Derek, where do you find 9% vinegar? I've only seen 5% in the stores around here.


----------



## Hambone

All the grocery stores here carry the 5 & 9%. They also make a 20% but it has been recommended by to many popular organic programs and the price of it has skyrocketed. Some organic programs have backed off the 20% and now recommend the 10%. We were talking about the vinegar here a while back and MapMan recommended some stuff that you can get at a camera store. Let me find that link.

Here it is.

http://www.beesource.com/forums/showthread.php?t=229069&highlight=vinegar


----------



## wannabeekeeper

I've used straight white vinagar on a hot day and within an hour the weed is DEAD!


----------



## Ian

Adding salt to your soil isnt really good for the soil, 
I would say roundup would do less harm to your soil health than that of your treatment.
Dont forget about everything else that lives in your soil,


----------



## waynesgarden

As a 40 year organic gardener and one-time organic farmer, I'd also say ditch the salt and just use the vinegar if necessary. 

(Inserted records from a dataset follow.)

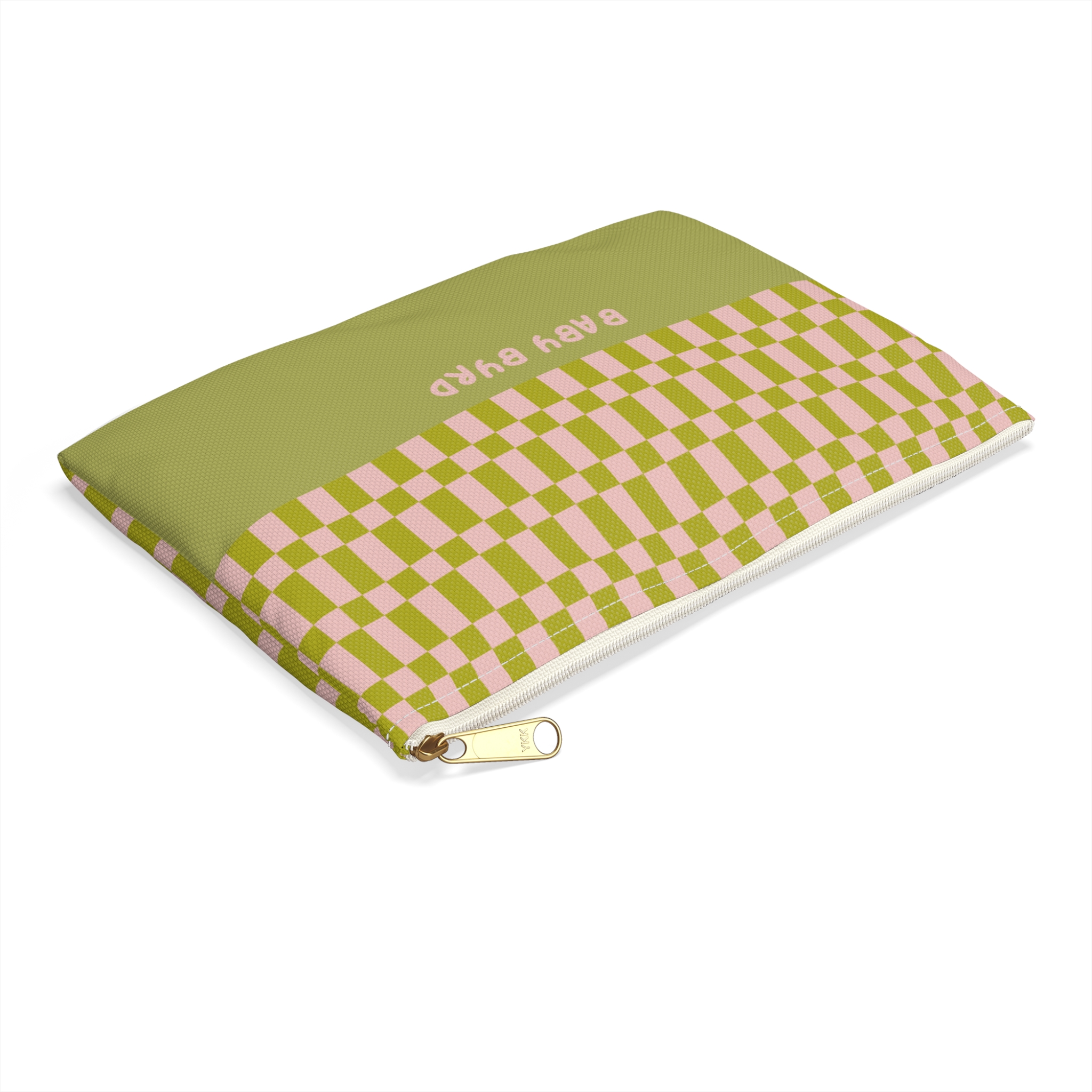 Stay organized in style with the Born to Be Fly Accessory Pouch by Baby Byrd. Featuring a fly green and light pink checkered design, this versatile pouch is perfect as a cosmetic travel bag, pencil case, or everyday organizer. Made from durable material with a secure zipper closure, it’s designed to keep your essentials safe whether you’re at school, work, or on the go.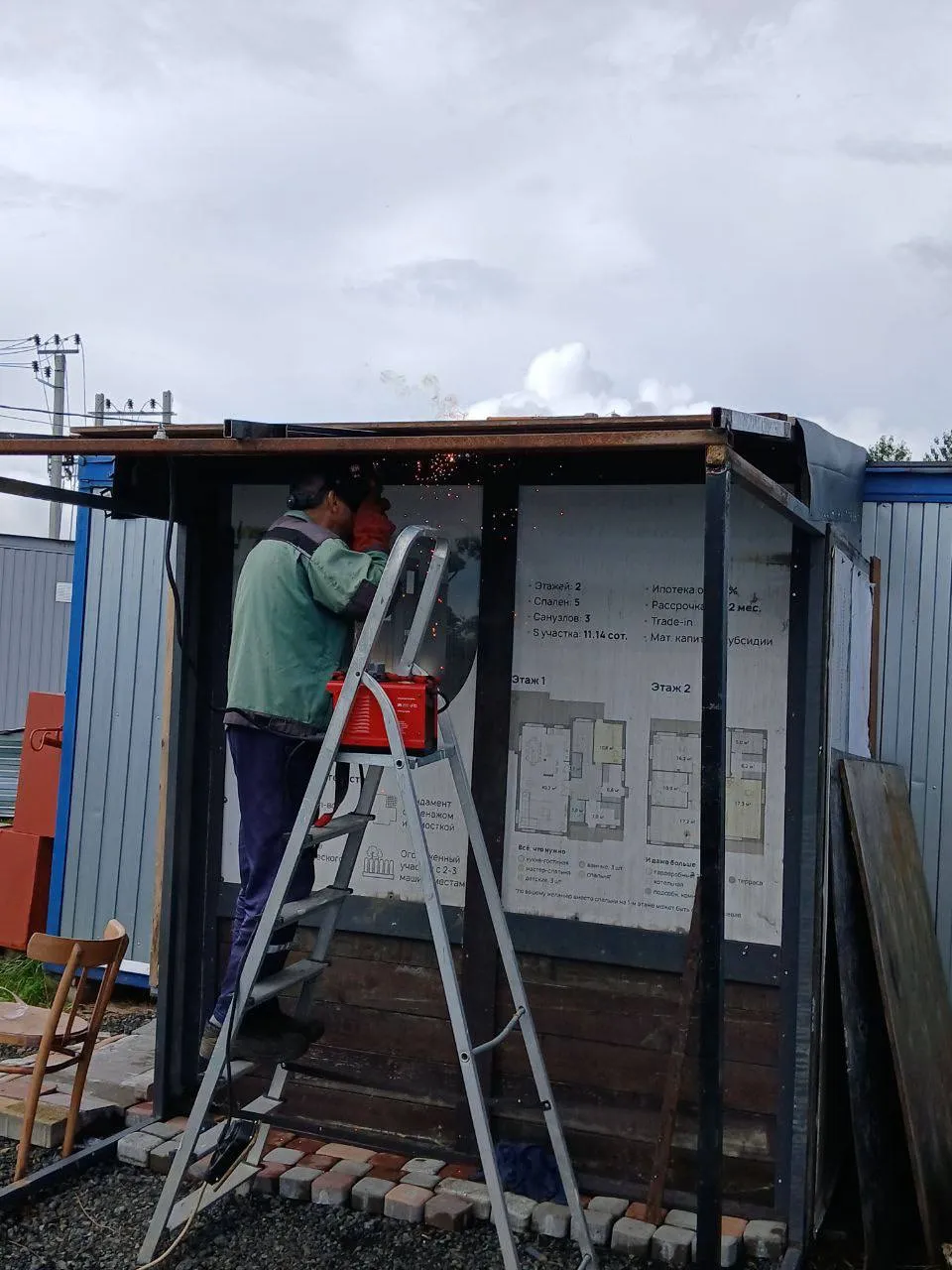 Построен навес на хозяйственной зоне для хранения инструмента и материалов.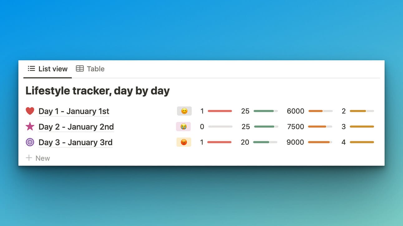 Typically I avoid new year's resolutions and Notion templates (because I find creating things from scratch works better), but I found myself creating a lifestyle tracker to hopefully help me focus and keep track of the things that are important to me.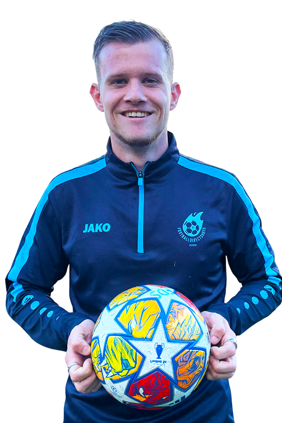 FOOTBALL DIRECT SHOTS is opgericht door Lorenzo van Slimming (1999) – UEFA C-trainer en oud-speler van onder andere Almere City, FC Volendam, Jong SC Cambuur. Met een achtergrond in Sport & Bewegen én jarenlange praktijkervaring op het veld, weet Lorenzo precies wat jonge spelers nodig hebben om te groeien.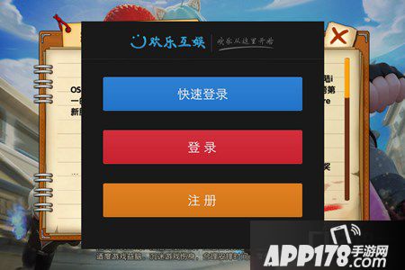 大家可以看到下图,我们登陆游戏的时候会有三个选项,如果有欢乐互娱账号,强烈建议大家选择“登录”选项,如果没有账号建议大家通过“注册”账号进行登录。如果大家当时登陆选的是“快速登录”,那也没有关系,请看下面。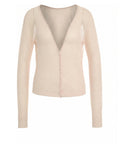 This elegant cardigan by Roberto Collina features a fine knit quality and a feminine, semi-transparent look. The timeless design is characterized by a deep v-neck and a classic button closure on the front. Made in Italy, this piece represents excellent craftsmanship and superior comfort. Long sleeves with delicately ribbed cuffs harmoniously complete the luxurious appearance.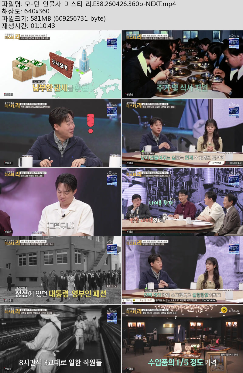 방송/동영상 인물사 미스터 E38 모-던 인물사 미스터 리.E38.260426.360p-NEXT 우야쓰꼬 2026.04.27 3,480 581.0M 다운로드 1개 파일 모-던 인물사 미스터 리.E38.260426.360p-NEXT.mp4 581.0M 다운 추천 354 북마크 공유 목록 Tags 인물사 미스터 E38 NEXT

Glyophosphate has been shown to be extremely lethal to amphibians. Liver damage in rats were also seen after brief exposure. If you don't care a hoot about frogs, rodents, etc, perhaps if you have pregnant women around, I'd also say ditch the Roundup, or at least look at some of the recent research showing high levels of premature births and miscarriages observed among female farmers in Ontario using glyphosate/Roundup. An Exploratory Analysis of the Effect of Pesticide Exposure on the Risk of Spontaneous Abortion in an Ontario Farm Population. Studies show that "after only eighteen hours of exposure at low concentrations, large proportions of human placenta began to die." (Gilles-Eric Seralini from the University of Caen, France.)

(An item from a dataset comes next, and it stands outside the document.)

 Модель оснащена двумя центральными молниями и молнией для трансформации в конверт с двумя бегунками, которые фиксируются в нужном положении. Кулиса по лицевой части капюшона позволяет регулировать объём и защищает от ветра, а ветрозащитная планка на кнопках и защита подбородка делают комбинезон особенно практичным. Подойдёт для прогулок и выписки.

I've seen absolutely nothing would suggest Roundup is "less harmful" for soil, amphibian or human life. But maybe that's just me. I try not to guess about it. We all make our own decisions based on what we know, what we believe, what we wish were true or what we guess about. By way of full disclosure, I will admit to having an extreme hatred of Monsanto but that's for another discussion.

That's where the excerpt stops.